A stone in the path...too weak to avoid it...the planter
stumbled and collapsed. He tried to rise...he must be pinned
under a rock...it was impossible...the slightest movement was
Then all at once he saw, starkly clear and huge, and, right
before his eyes, furred with ants, towering and swaying in its
death agony, the pampas stag. In six minutes—gnawed to the
bones. God, he couldn't die like that! And something outside him
seemed to drag him to his feet. He tottered. He began to stagger
Through the blazing ring hurtled an apparition which, as soon
as it reached the ground on the inner side, fell full length and
did not move. Leiningen, at the moment he made that leap through
the flames, lost consciousness for the first time in his life.
As he lay there, with glazing eyes and lacerated face, he
appeared a man returned from the grave. The peons rushed to him,
stripped off his clothes, tore away the ants from a body that
seemed almost one open wound; in some places the bones were
showing. They carried him into the ranch house.
As the curtain of flames lowered, one could see in place of
the illimitable host of ants an extensive vista of water. The
thwarted river had swept over the plantation, carrying with it
the entire army. The water had collected and mounted in the
great "saucer," while the ants had in vain attempted to reach
the hill on which stood the ranch house. The girdle of flames
held them back.
And so imprisoned between water and fire, they had been
delivered into the annihilation that was their god. And near the
farther mouth of the water ditch, where the stone mole had its
second gap, the ocean swept the lost battalions into the river,
to vanish forever.
The ring of fire dwindled as the water mounted to the petrol
trench, and quenched the dimming flames. The inundation rose
higher and higher: because its outflow was impeded by the timber
and underbrush it had carried along with it, its surface
required some time to reach the top of the high stone breakwater
and discharge over it the rest of the shattered army.
It swelled over ant-stippled shrubs and bushes, until it
washed against the foot of the knoll whereon the besieged had
taken refuge. For a while an alluvial of ants tried again and
again to attain this dry land, only to be repulsed by streams of
petrol back into the merciless flood.
Leiningen lay on his bed, his body swathed from head to foot
in bandages. With fomentations and salves, they had managed to
stop the bleeding, and had dressed his many wounds. Now they
thronged around him, one question in every face.
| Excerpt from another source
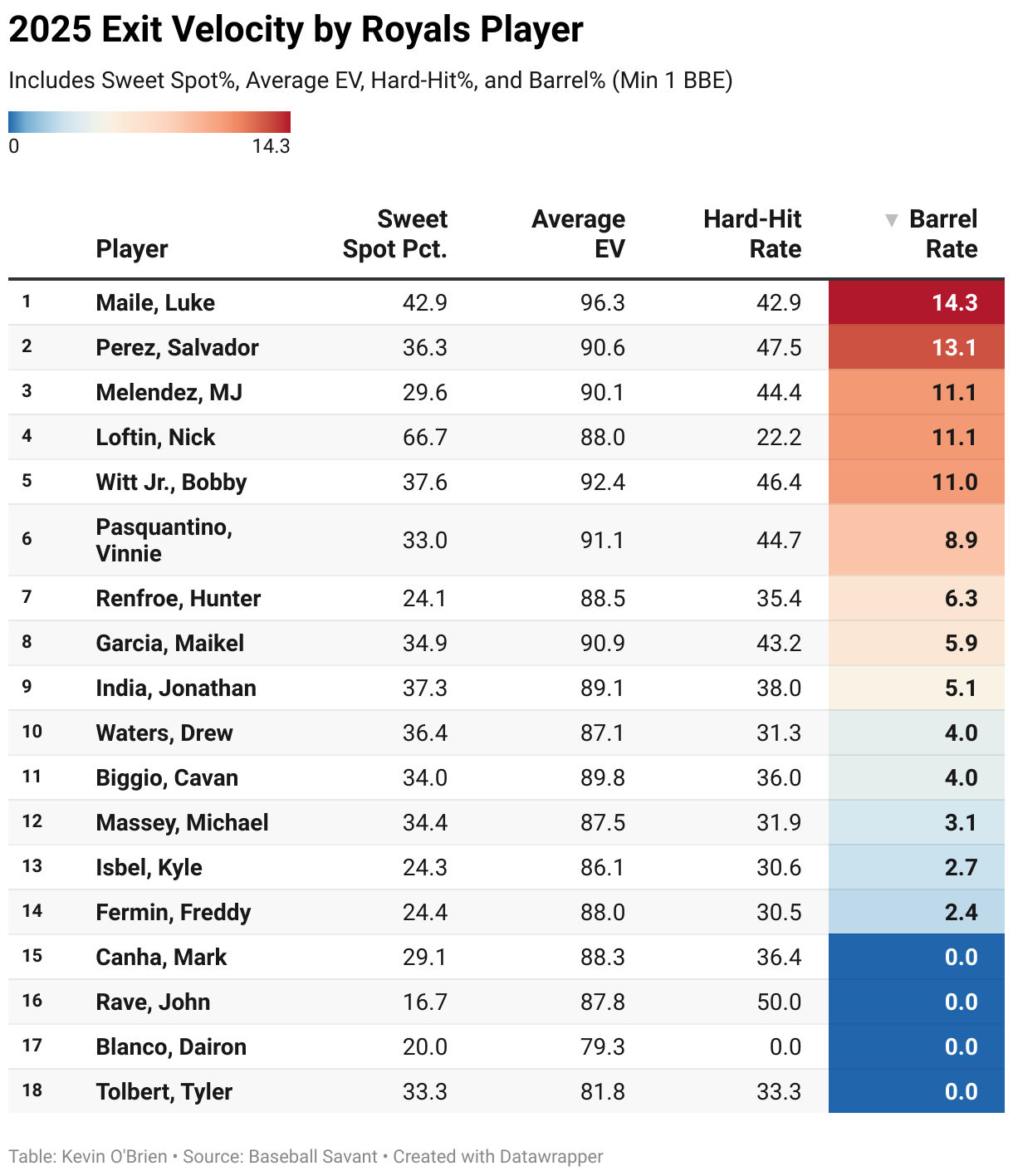 Includes Sweet Spot%, Average EV, Hard-Hit%, and Barrel% (Min 1 BBE)

Would he
recover? "He won't die," said the old man who had bandaged him,
"if he doesn't want to.''
The planter opened his eyes. "Everything in order?'' he
"They're gone,'' said his nurse. "To hell." He held out to
his master a gourd full of a powerful sleeping draught.
Leiningen gulped it down.
"I told you I'd come back," he murmured, "even if I am a bit
streamlined." He grinned and shut his eyes. He slept.